Beneath this sentence is a listing. Return its lines from the one containing "Baterija BL-46G1F priekš" through the last, exactly, and omit the pictures.

- DATA PROVIDED -
Segment Open

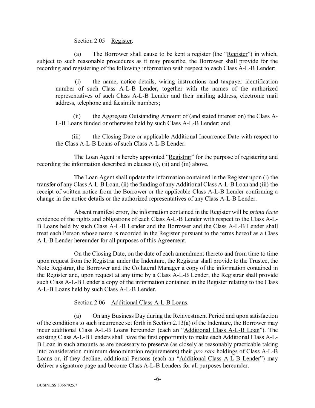 BUSINESS.30667925.7 -6- Section 2.05 Register. (a) The Borrower shall cause to be kept a register (the “Register”) in which, subject to such reasonable procedures as it may prescribe, the Borrower shall provide for the recording and registering of the following information with respect to each Class A-L-B Lender: (i) the name, notice details, wiring instructions and taxpayer identification number of such Class A-L-B Lender, together with the names of the authorized representatives of such Class A-L-B Lender and their mailing address, electronic mail address, telephone and facsimile numbers; (ii) the Aggregate Outstanding Amount of (and stated interest on) the Class A- L-B Loans funded or otherwise held by such Class A-L-B Lender; and (iii) the Closing Date or applicable Additional Incurrence Date with respect to the Class A-L-B Loans of such Class A-L-B Lender. The Loan Agent is hereby appointed “Registrar” for the purpose of registering and recording the information described in clauses (i), (ii) and (iii) above. The Loan Agent shall update the information contained in the Register upon (i) the transfer of any Class A-L-B Loan, (ii) the funding of any Additional Class A-L-B Loan and (iii) the receipt of written notice from the Borrower or the applicable Class A-L-B Lender confirming a change in the notice details or the authorized representatives of any Class A-L-B Lender. Absent manifest error, the information contained in the Register will be prima facie evidence of the rights and obligations of each Class A-L-B Lender with respect to the Class A-L- B Loans held by such Class A-L-B Lender and the Borrower and the Class A-L-B Lender shall treat each Person whose name is recorded in the Register pursuant to the terms hereof as a Class A-L-B Lender hereunder for all purposes of this Agreement. On the Closing Date, on the date of each amendment thereto and from time to time upon request from the Registrar under the Indenture, the Registrar shall provide to the Trustee, the Note Registrar, the Borrower and the Collateral Manager a copy of the information contained in the Register and, upon request at any time by a Class A-L-B Lender, the Registrar shall provide such Class A-L-B Lender a copy of the information contained in the Register relating to the Class A-L-B Loans held by such Class A-L-B Lender. Section 2.06 Additional Class A-L-B Loans. (a) On any Business Day during the Reinvestment Period and upon satisfaction of the conditions to such incurrence set forth in Section 2.13(a) of the Indenture, the Borrower may incur additional Class A-L-B Loans hereunder (each an “Additional Class A-L-B Loan”). The existing Class A-L-B Lenders shall have the first opportunity to make each Additional Class A-L- B Loan in such amounts as are necessary to preserve (as closely as reasonably practicable taking into consideration minimum denomination requirements) their pro rata holdings of Class A-L-B Loans or, if they decline, additional Persons (each an “Additional Class A-L-B Lender”) may deliver a signature page and become Class A-L-B Lenders for all purposes hereunder.
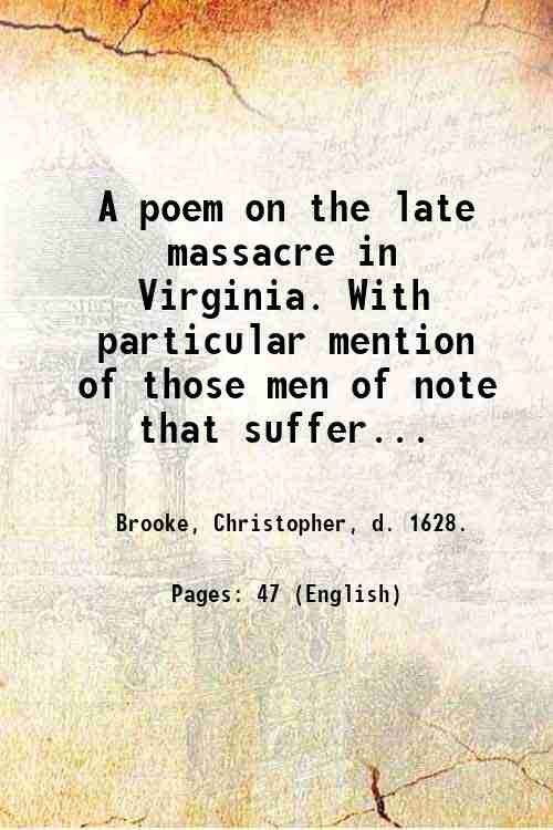 A poem on the late massacre in Virginia. With particular mention of those men of note that suffered in that disaster. Written by C.B. Gent. 1622
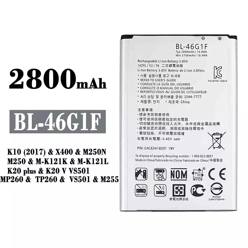 Baterija BL-46G1F priekš LG K10 (2017) / X400 / M250N / M250 / M-K121K / M-K121L / K20 plus / K20 V VS501 / MP260 / TP260 / VS501 / M255
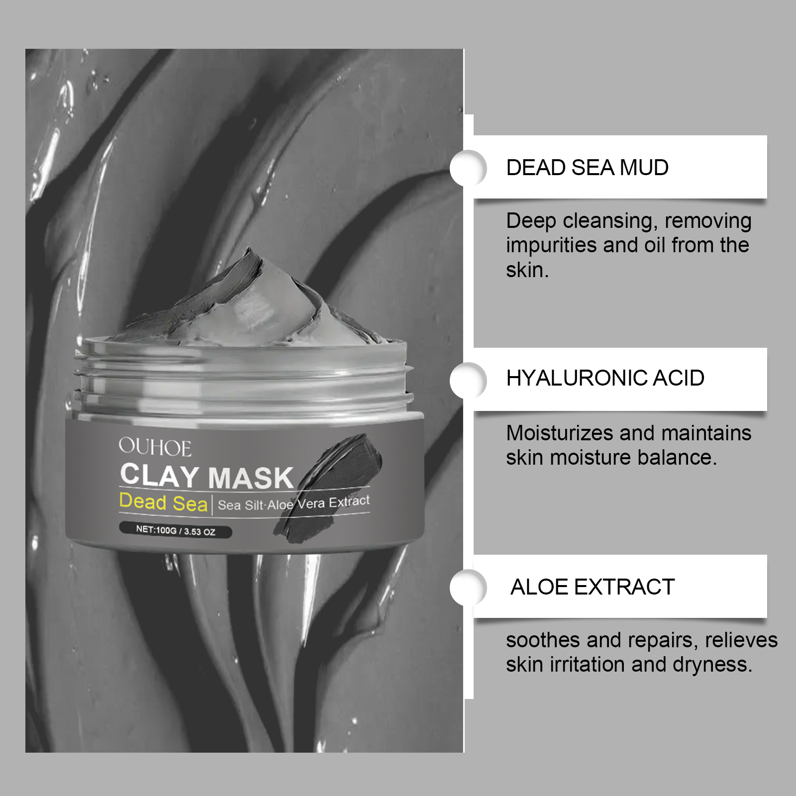 OUHOE Dead Sea Mud Cleansing Mask Gently Cleans And Removes Blackheads, Brightening And Smoothing Skin, Controls Oil And Moisturizes Without Tightness

Segment Closed

- SOLUTION TO THE PROBLEM -
 Baterija BL-46G1F priekš LG K10 (2017) / X400 / M250N / M250 / M-K121K / M-K121L / K20 plus / K20 V VS501 / MP260 / TP260 / VS501 / M255
 OUHOE Dead Sea Mud Cleansing Mask Gently Cleans And Removes Blackheads, Brightening And Smoothing Skin, Controls Oil And Moisturizes Without Tightness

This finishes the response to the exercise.